● **RECORDS FOR THIS TASK**
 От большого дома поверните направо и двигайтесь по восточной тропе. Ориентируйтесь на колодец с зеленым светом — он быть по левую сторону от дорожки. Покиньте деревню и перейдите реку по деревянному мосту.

---

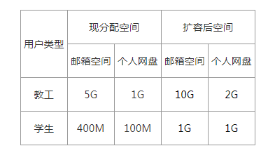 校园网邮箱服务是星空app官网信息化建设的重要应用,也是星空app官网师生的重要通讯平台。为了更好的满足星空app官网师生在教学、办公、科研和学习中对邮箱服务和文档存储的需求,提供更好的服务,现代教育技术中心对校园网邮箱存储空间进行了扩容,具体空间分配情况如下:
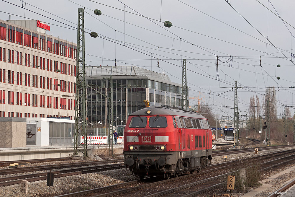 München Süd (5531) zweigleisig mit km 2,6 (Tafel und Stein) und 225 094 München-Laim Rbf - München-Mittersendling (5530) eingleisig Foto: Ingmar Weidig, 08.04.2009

● **HOW TO COMPLETE THIS TASK**
All that should appear in the answer is the lines above from the line with "校园网邮箱服务是星空app官" through the line with "München Süd (5531)", retyped exactly, pictures left out.

● **FINAL ANSWER**
 校园网邮箱服务是星空app官网信息化建设的重要应用,也是星空app官网师生的重要通讯平台。为了更好的满足星空app官网师生在教学、办公、科研和学习中对邮箱服务和文档存储的需求,提供更好的服务,现代教育技术中心对校园网邮箱存储空间进行了扩容,具体空间分配情况如下:
 München Süd (5531) zweigleisig mit km 2,6 (Tafel und Stein) und 225 094 München-Laim Rbf - München-Mittersendling (5530) eingleisig Foto: Ingmar Weidig, 08.04.2009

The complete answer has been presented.